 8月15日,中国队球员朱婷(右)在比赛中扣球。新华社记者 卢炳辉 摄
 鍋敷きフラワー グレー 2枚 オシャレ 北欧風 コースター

┄┄┄┄┄┄┄┄┄┄

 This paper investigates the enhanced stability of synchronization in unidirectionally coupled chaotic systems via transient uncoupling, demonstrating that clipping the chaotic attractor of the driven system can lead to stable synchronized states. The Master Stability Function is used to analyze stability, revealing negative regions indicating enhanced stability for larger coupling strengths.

┄┄┄┄┄┄┄┄┄┄

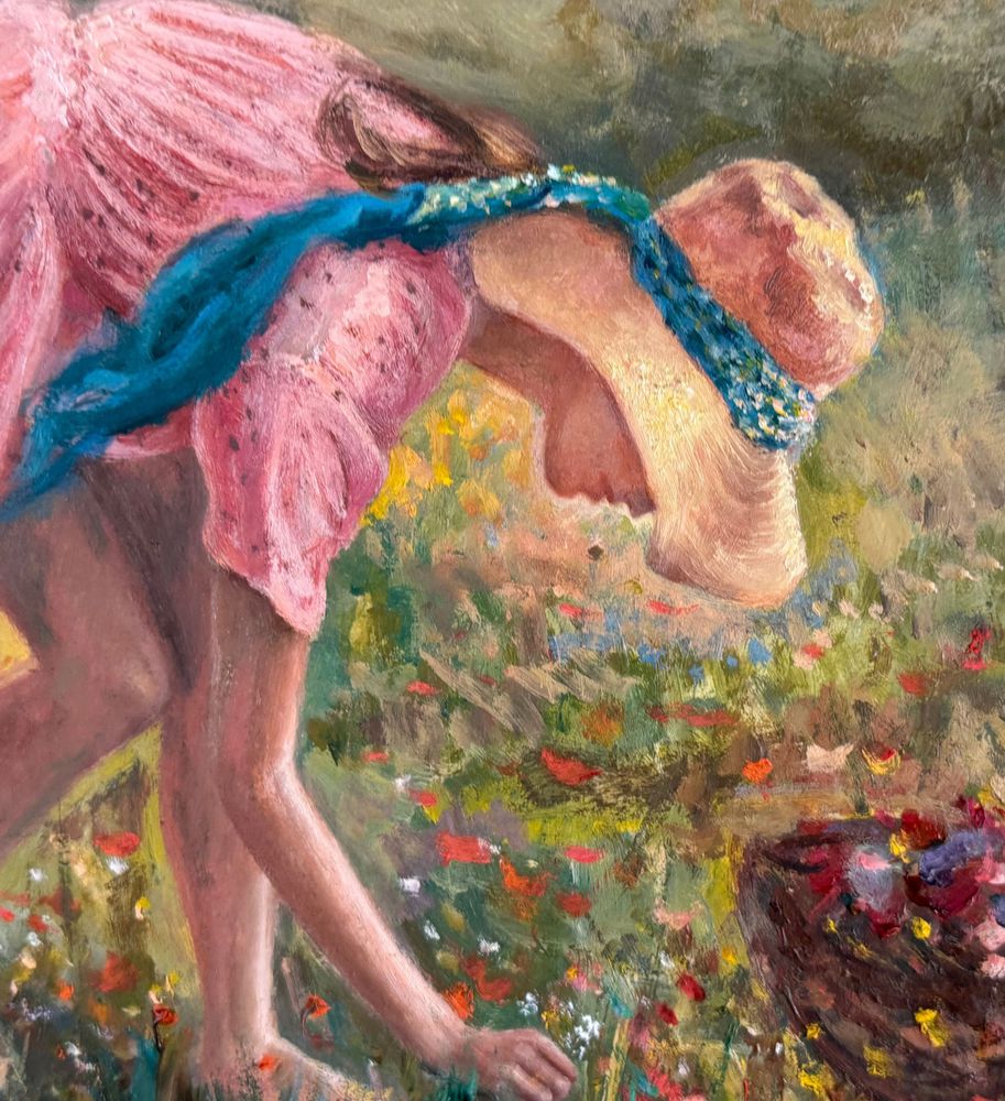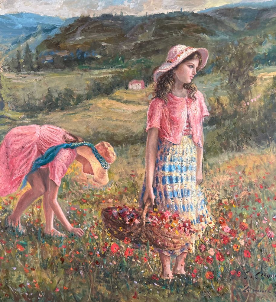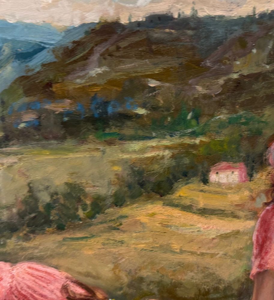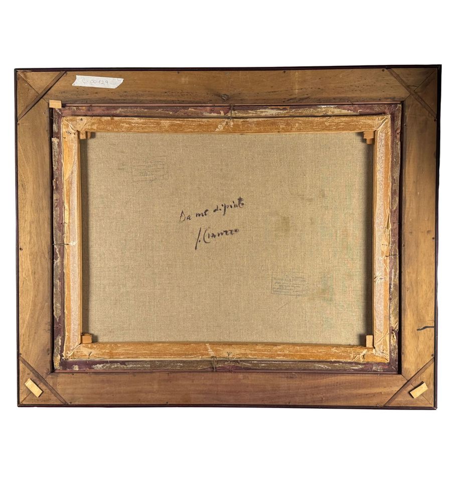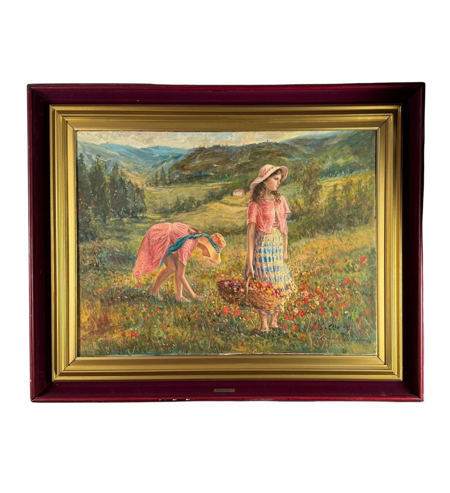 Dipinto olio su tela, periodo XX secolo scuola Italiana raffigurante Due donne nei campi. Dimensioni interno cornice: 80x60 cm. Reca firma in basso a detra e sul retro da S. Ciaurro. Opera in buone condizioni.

┄┄┄┄┄┄┄┄┄┄

* _Exercise aim_
Your answer should consist solely of the lines above from the line with "8月15日,中国队球员朱婷(右)在比赛中扣球。新华社记者 卢炳辉 摄" to the line with "鍋敷きフラワー グレー 2枚 オシャレ 北欧風 コースター", both included, reproduced exactly.

* _Response to the task_
 8月15日,中国队球员朱婷(右)在比赛中扣球。新华社记者 卢炳辉 摄
 鍋敷きフラワー グレー 2枚 オシャレ 北欧風 コースター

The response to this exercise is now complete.